I been looking around for a handbrake profile for tivo. I only found the command line ones here: http://code.google.com/p/streambaby/wiki/video_compatibility

Anyone have ideas what we should use if we are using the GUI interface?


----------



## jcthorne (Jan 28, 2002)

x264, AVC level 4.1 with 4 ref frames. Limit to 720x480 for SD and dvd sources. AC3 5.1 DD audio. Usually passthrough AC3 works fine from DVD source.

If I forgot something, sure someone else will chime in.


----------



## westside_guy (Mar 13, 2005)

Depends on the Tivo. For my TivoHD, I started with the high profile preset, then bumped the Constant Quality RF to 19 (was 20), motion estimation to UMH, Subpixel ME to 9 (was 7), Motion Estimation Range to 32 (was 16). I leave the reference frames and b-frames at 3 - anything above that and I'll start to see occasional AV sync issues; plus the new-ish b-adapt tuning in x264 means large b-frame numbers are no longer useful (according to the x.264 dev).

Basically when I'm done, the advanced x264 option string is:

b-adapt=2:rc-lookahead=50:me=umh:subq=9:merange=32:analyse=all

On a 3.06GHz i3 iMac (with 4GB RAM) these settings encode roughly in real time - a 2 hour movie takes 2 hours. On an older Core 2 Duo MacBook Pro, these same settings take about 6 hours for that same movie. 

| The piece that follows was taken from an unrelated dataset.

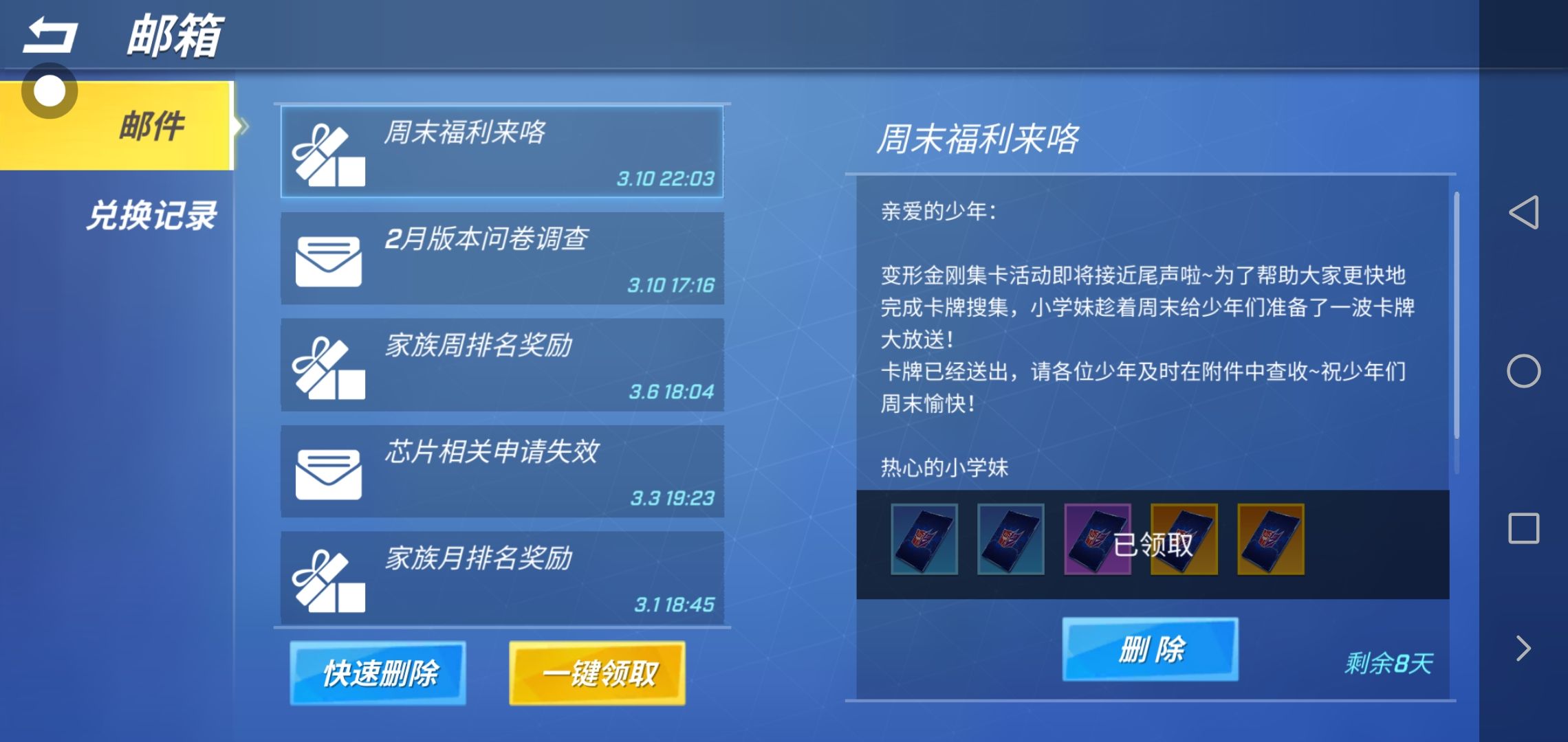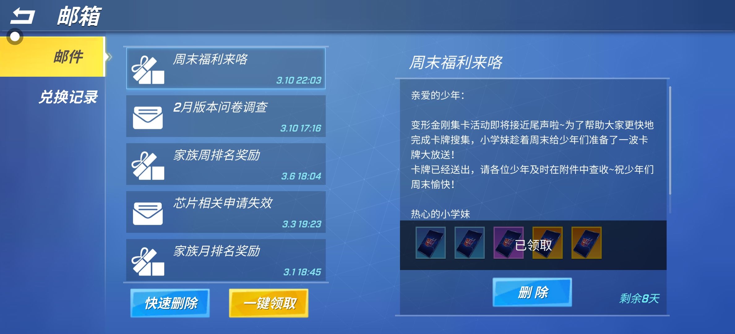 不就是领那些卡吗?为什么我没领到?官方,你能出来解释一下吗?

Those command line arguments on the streambaby pages are several years old, and a lot of what they did is apparently unnecessary due to advances in how x264 works by default. Additionally, those recipes were constant bitrate while constant quality is a better choice according to most people.

Oh and set detelecine to default, decomb to default, and anamorphic to "strict" - they used to say "loose" was better, but the handbrake guys seem to have done an about-face. Also, for animated stuff I set the deblocking to 1:1, otherwise I leave it at 0:0.

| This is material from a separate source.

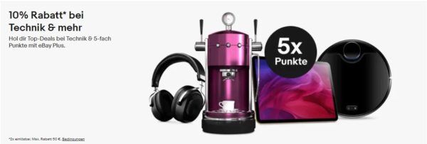 Bei ebay ist gerade eine neue Aktion gestartet bei der ihr einen 10% Rabatt auf Elektronik, Haushaltsgeräte & Lifestyle bekommt.

I usually save two audio tracks - one is the pass-through AC3 track (unchanged obviously), the other is a down-mixed stereo track at 160kbps.


----------



## Joe Siegler (May 10, 2000)

This post is almost four years old now. Anyone have any more recent experience with Roamio boxes?

Tkx.


----------



## jcthorne (Jan 28, 2002)

Joe Siegler said:


> This post is almost four years old now. Anyone have any more recent experience with Roamio boxes?
> 
> Tkx.


Roamio supports up to 1080p video and 640kbps AC-3 audio but not much else has changed.


----------